Sound Bite
Bad news rains steadily out of Gaza, but we have no in-person experience to bring home the appalling reality.In this photo essay two French journalists introduce the various people who call it home and create an informal survey of the views on all sides, from Palestinian "tunnellers" to Israeli "settlers."
This report on the long-running tragedy in the Gaza Strip addresses a simple question that most of us have overlooked: What on earth is it like to live day-by-day in a tiny territory, over-populated and beset by war?
Based on several extended stays among Palestinians and Israeli settlers as well, this narrative and these photographs shine a new light on this "open-air prison." Through individual portraits and testimonies, the authors reveal a lively scene where everyone is struggling tenaciously to hold onto a semblance of normal life.
About the Author
Author Hervé Kempf is a journalist with Le Monde daily newspaper in Paris. He has authored several books including, most recently, La Guerre Secrète des OGM (The Secret War of Genetically Modified Foods. Seuil, 2003). Also by Hervé Kempf:
- La Révolution biolithique. Humains artificiels et machines animées (Albin Michel, 1998)
- La Baleine qui cache la forêt.

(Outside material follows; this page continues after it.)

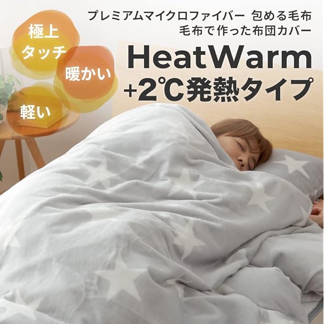 AQUA (アクア) mofua (モフア) 毛布 (掛け布団カバー) プレミアムマイクロファイバー 布団を包める毛布 Heatwarm 発熱 +2℃ タイプ ダブル 星柄グレー あったか ブランケット 掛けカバー 冬用 601703Q7

Enquête sur les pièges de l'écologie (La Découverte, 1994)
- L'Économie à l'épreuve de l'écologie (Hatier, 1991)
Jérôme Equer is an award-winning international photographer and filmmaker. By Jérôme Equer:
- Traumas (Grandvaux, 2003)
- Les Murs de l'enfer (Albin Michel, 2001)
GAZA: Life in a Cage was originally published in French by Editions du Seuil, © 2005, as Gaza, La vie en cage, © 2004 Jérôme Equer for the photographs.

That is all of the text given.